— What this task involves —
Look for the line containing "Esszimmertisch HWC-O55, Industrial" and the line containing "Сумка женская Lucky" in the entries below. Copy those two and all lines between them exactly, leaving out pictures.

━━ Dataset entries

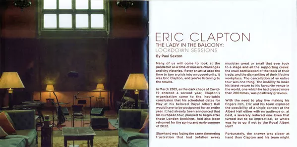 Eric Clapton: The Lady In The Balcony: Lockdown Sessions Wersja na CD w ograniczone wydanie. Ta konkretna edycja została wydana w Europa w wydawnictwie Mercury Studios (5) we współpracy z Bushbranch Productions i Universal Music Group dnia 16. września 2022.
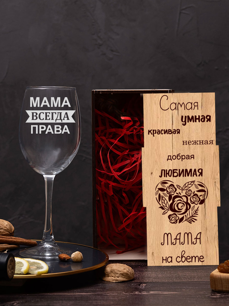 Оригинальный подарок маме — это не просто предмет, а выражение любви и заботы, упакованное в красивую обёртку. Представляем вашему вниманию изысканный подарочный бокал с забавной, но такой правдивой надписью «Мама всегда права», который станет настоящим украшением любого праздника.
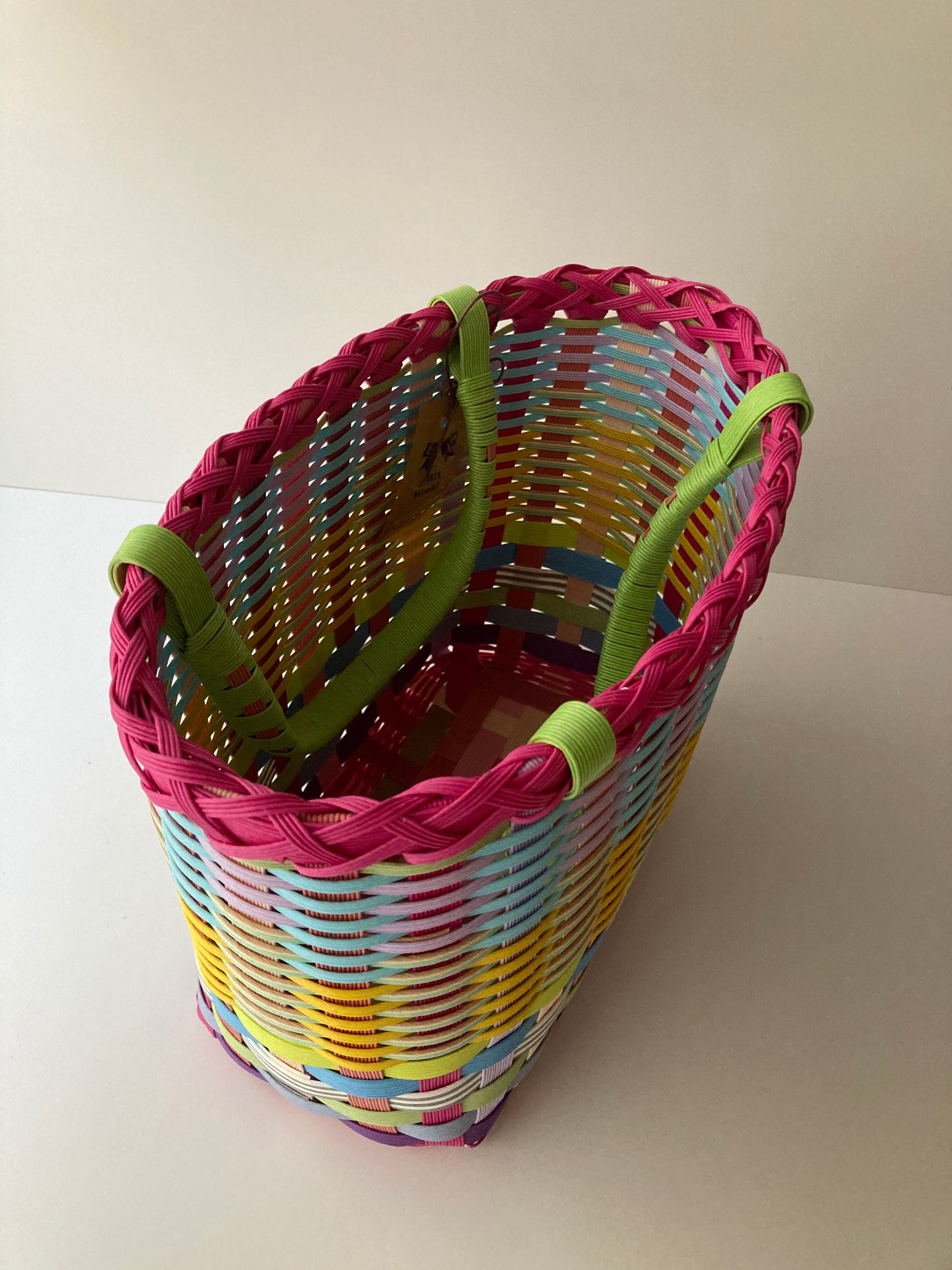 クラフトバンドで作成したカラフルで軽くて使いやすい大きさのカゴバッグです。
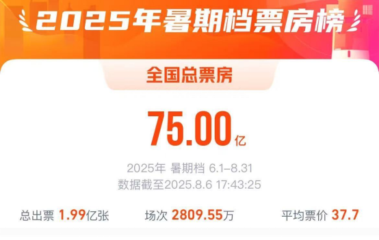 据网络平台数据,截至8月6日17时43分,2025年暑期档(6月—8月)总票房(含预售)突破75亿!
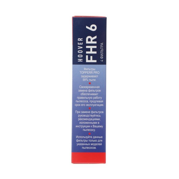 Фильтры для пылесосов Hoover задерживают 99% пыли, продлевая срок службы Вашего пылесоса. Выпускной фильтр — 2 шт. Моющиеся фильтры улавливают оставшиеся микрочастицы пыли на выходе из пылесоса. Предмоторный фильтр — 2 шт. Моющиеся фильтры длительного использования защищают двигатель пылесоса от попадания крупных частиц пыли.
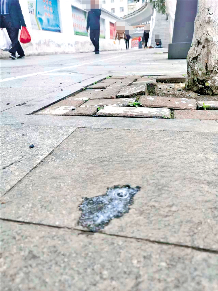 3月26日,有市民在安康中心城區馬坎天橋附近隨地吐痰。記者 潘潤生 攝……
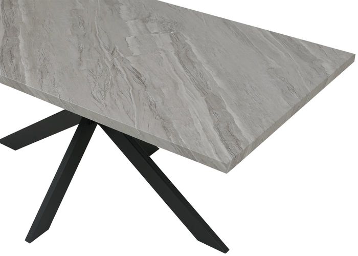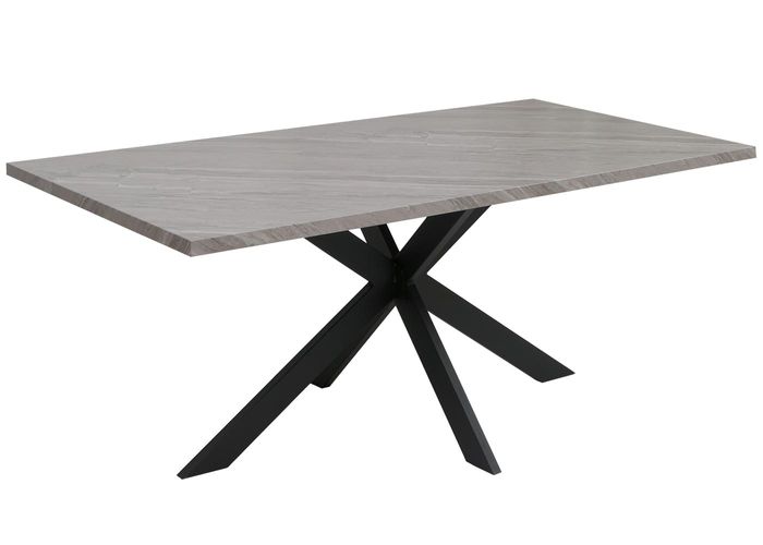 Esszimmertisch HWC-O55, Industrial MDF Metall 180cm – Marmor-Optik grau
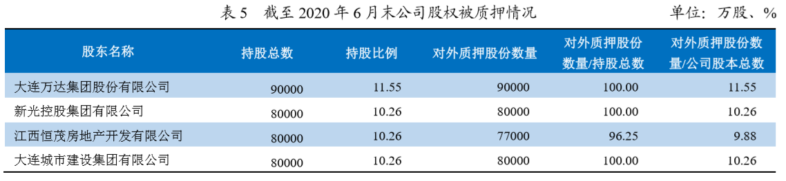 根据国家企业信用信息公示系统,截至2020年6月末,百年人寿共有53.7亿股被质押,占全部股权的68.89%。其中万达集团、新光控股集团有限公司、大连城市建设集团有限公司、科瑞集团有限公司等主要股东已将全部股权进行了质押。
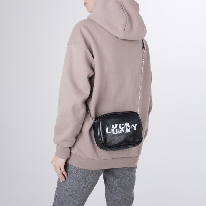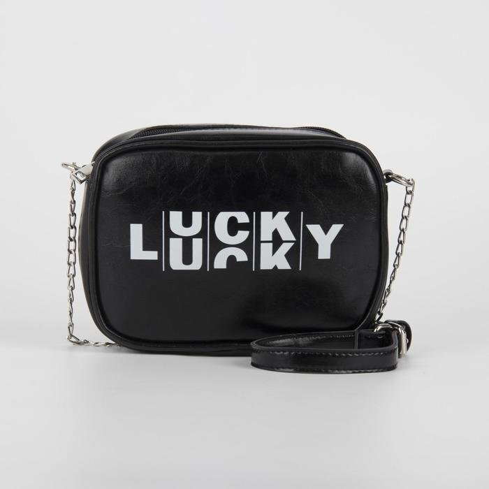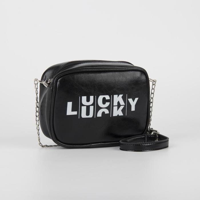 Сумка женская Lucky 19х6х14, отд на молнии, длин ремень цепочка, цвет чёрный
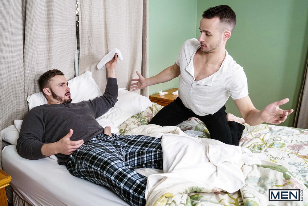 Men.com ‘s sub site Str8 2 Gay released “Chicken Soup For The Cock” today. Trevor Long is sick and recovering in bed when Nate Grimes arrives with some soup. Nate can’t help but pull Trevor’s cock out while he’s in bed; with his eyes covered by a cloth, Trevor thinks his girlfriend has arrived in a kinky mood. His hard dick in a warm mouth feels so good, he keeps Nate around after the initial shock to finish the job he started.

━━━━
━━ Dataset entries

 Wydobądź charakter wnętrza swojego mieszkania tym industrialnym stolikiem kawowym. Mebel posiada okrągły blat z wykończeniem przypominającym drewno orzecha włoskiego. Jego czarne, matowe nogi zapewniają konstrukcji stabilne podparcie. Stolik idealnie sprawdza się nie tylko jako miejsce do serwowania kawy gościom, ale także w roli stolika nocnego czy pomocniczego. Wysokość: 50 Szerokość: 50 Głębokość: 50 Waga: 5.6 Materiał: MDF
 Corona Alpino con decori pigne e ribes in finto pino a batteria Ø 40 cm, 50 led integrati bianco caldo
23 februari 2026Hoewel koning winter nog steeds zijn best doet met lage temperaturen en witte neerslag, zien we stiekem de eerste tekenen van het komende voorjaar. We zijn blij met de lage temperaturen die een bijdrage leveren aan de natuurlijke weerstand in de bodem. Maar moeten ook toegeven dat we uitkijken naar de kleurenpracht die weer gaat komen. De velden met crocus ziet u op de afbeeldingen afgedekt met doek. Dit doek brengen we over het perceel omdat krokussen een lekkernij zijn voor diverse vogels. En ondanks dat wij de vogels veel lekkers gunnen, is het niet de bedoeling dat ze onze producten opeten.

━━━━

— Exercise answer —
 Esszimmertisch HWC-O55, Industrial MDF Metall 180cm – Marmor-Optik grau
 根据国家企业信用信息公示系统,截至2020年6月末,百年人寿共有53.7亿股被质押,占全部股权的68.89%。其中万达集团、新光控股集团有限公司、大连城市建设集团有限公司、科瑞集团有限公司等主要股东已将全部股权进行了质押。
 Сумка женская Lucky 19х6х14, отд на молнии, длин ремень цепочка, цвет чёрный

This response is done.